Estate planning FAQ’s

1. What is an estate plan?

An estate plan is a set of directions that you leave for your family and loved ones directing them what to do in the event of your death or incapacity. An estate plan consists of various documents executed by you during your lifetime. Many estate plans include Wills, Trusts, Health Care Proxies, Living Wills and Powers of Attorney.

2. What happens if I die without a Will?

If you die without a Will, the intestacy laws of the Commonwealth of Massachusetts will determine who inherits your assets. If you die without a Will, you are said to have died intestate.

3. What is probate?

Probate is a formal court proceeding required by the Commonwealth of Massachusetts in order to legally determine who is entitled to inherit your property. The purpose of a Probate proceeding is to prove that the deceased's will is valid and that it was executed in accordance with the laws of Massachusetts. Once the will has been declared valid by the probate court, the court will appoint the executor and issue a certificate of appointment. The executor can then use the certificate of appointment to liquidate the deceased's assets.

4. How is a Living Will different from a Will?

A Living Will concerns your health care. It is a statement that you do not want your death artificially prolonged if you have a terminal illness or injury, your death is imminent and the medical treatment you are receiving is prolonging the dying process. In that event you wish to be removed from life support except for medication to alleviate pain and suffering. In Massachusetts, a Living Will works in conjunction with a Health Care Proxy. The Living Will provides guidance to your Health Care Agent if your Health Care Agent is ever called upon to make a life or death decision. In Massachusetts, the Health Care Proxy is the mort important document as the ability to create it is found in the Massachusetts statutes.

A Will or Last Will & Testament is a person's written declaration of how he wants his assets distributed after his death. The laws surrounding the validity of Wills are unique to each state. Therefore, a Will must be executed in accordance with the laws of the state in which it was executed.

5. Is a Living Will the same thing as a Do Not Resuscitate order?

No, in Massachusetts a Living Will provides guidance to the individual you have named as your Health Care Agent. It tells the Health Care Agent what you would want him to do in the event he was called upon to determine whether or not life support should be terminated. It is used only if you are incapacitated and unable to make decisions for yourself. A Do Not Resuscitate order is typically put in place by you during your lifetime with the help of your primary care physician.

In order to put a Do Not Resuscitate order in place first you must speak to your primary care physician to verbally give the order to the physician. Then your physician will have you fill out a Comfort Care/Do Not Resuscitate Order Verification form. Once signed, you should make many copies of the form to hand out to all of your health care professionals. You should also keep a copy on your refrigerator at home. That way if EMT's are ever called to your home the form will be readily available. In Massachusetts that form is the only document that the ambulance services and their EMT's will recognize and abide by. Without that form, the EMT's will need to resuscitate and transport. Additional information on this topic can be found at the Department of Public Health's website www.mass.gov/dph/oems.

6. Can my power of attorney act even after my death?

No, once you have died and the person you have named as your attorney has notice of your death, the power of attorney is no longer valid. It dies with you. Upon your death, your assets then become part of your estate and are distributed in accordance with your Will.

7. What does a trust do?

Despite what you may hear at cocktail parties, trusts are not the panacea of the estate planning world. One trust does not solve all of your estate planning problems.
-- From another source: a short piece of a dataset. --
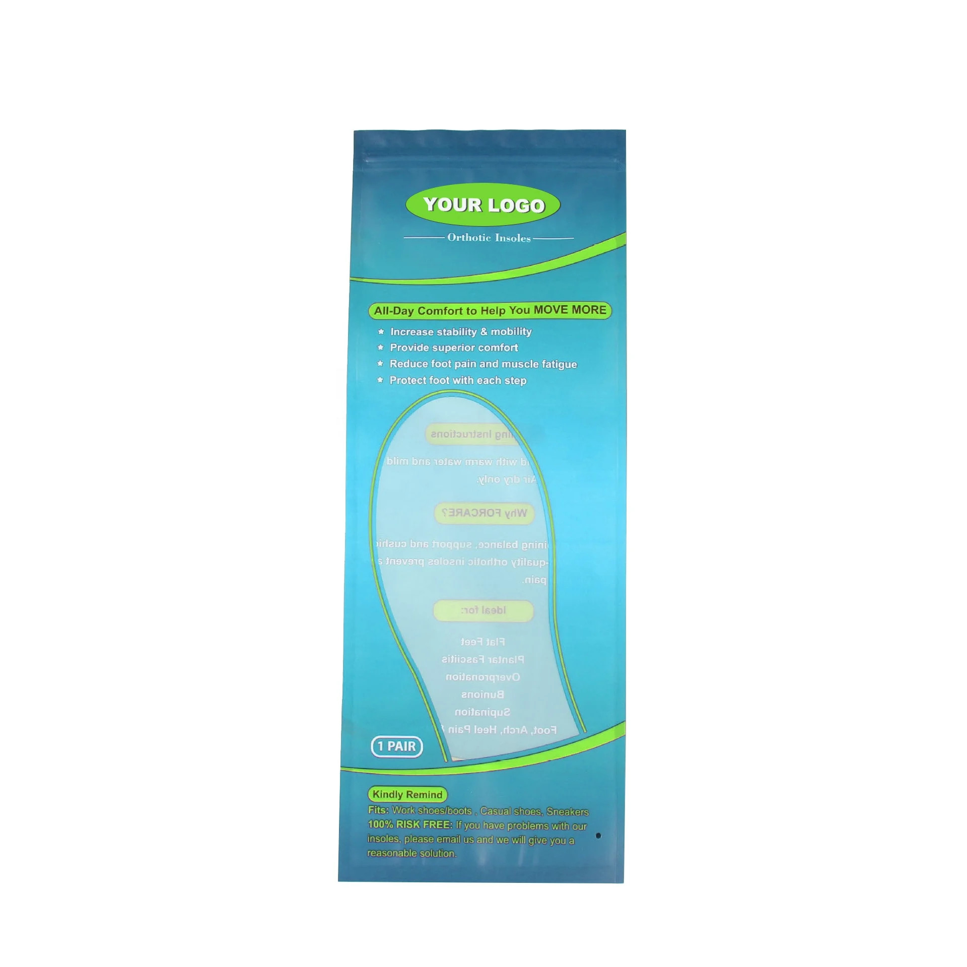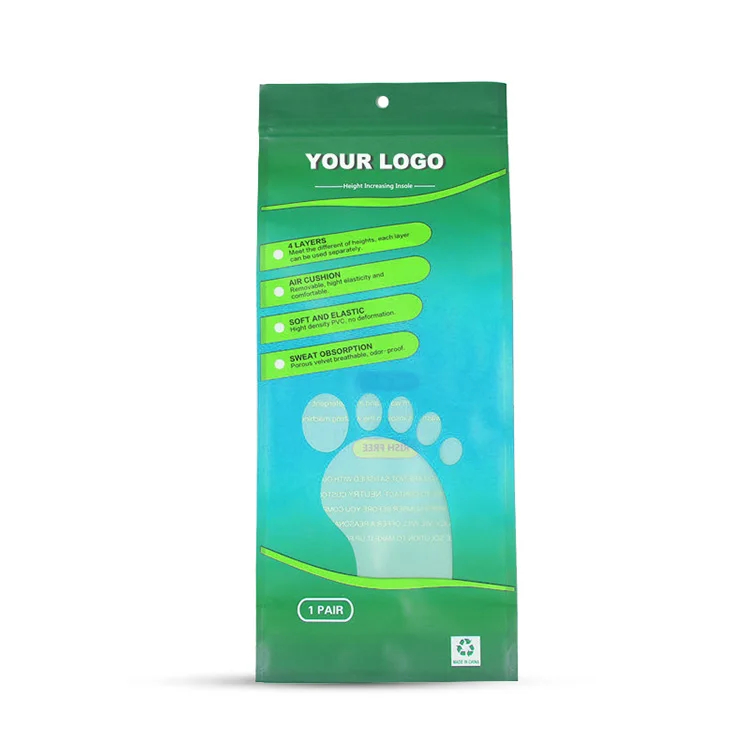 Custom Printed Plastic Mylar Bags High Quality 3 Side Seal Pouch Insoles Packaging Zip Lock Poly Bags with Hanging Hole

What is written in the trust - the terms of the trust - will dictate the purpose of the trust and how the trust is to be administered. Some trusts are drafted to minimize estate tax planning. Other trusts are written to provide administration of trust assets for minor beneficiaries until they reach certain ages, such as age 25 and 30. If you have an existing trust and you are uncertain of the purpose of the trust, you should have it reviewed by an estate planning attorney.

8. Where should I keep my Will and other estate planning documents?
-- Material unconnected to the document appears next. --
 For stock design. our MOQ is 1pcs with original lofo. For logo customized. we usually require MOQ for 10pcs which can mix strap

Your estate planning documents should not be kept in a safe deposit box because then the authority to get into the box is inside the box. Many clients choose to keep their estate planning documents either in a fire proof box in their home or in a desk or file cabinet in their home office. In addition, you should inform your loved ones that you have executed the documents. Finally your attorney's office will usually keep a set of copies of the executed documents.

9. Can I make changes to my estate planning documents?

Yes, you can make changes to your Will either by executing a new Will or by executing a Codicil to your Last Will & Testament. Do not simply handwrite changes to an existing Will. In most instances the handwritten changes will not be recognized as valid and may result in extra legal costs to probate the Will. They may also lead to disputes between heirs.

A trust can be changed by a simple amendment to the trust or, in the case of many changes, by amending and restating the entire trust document.

10. How much does an estate plan cost?

Many attorneys charge a flat fee for estate planning. At Kajko, Weisman & Colasanti, LLP there is generally no charge for the initial consultations. After the initial consultation a fee agreement based upon that meeting is sent to the client. At that point the client can retain our office to do the legal work.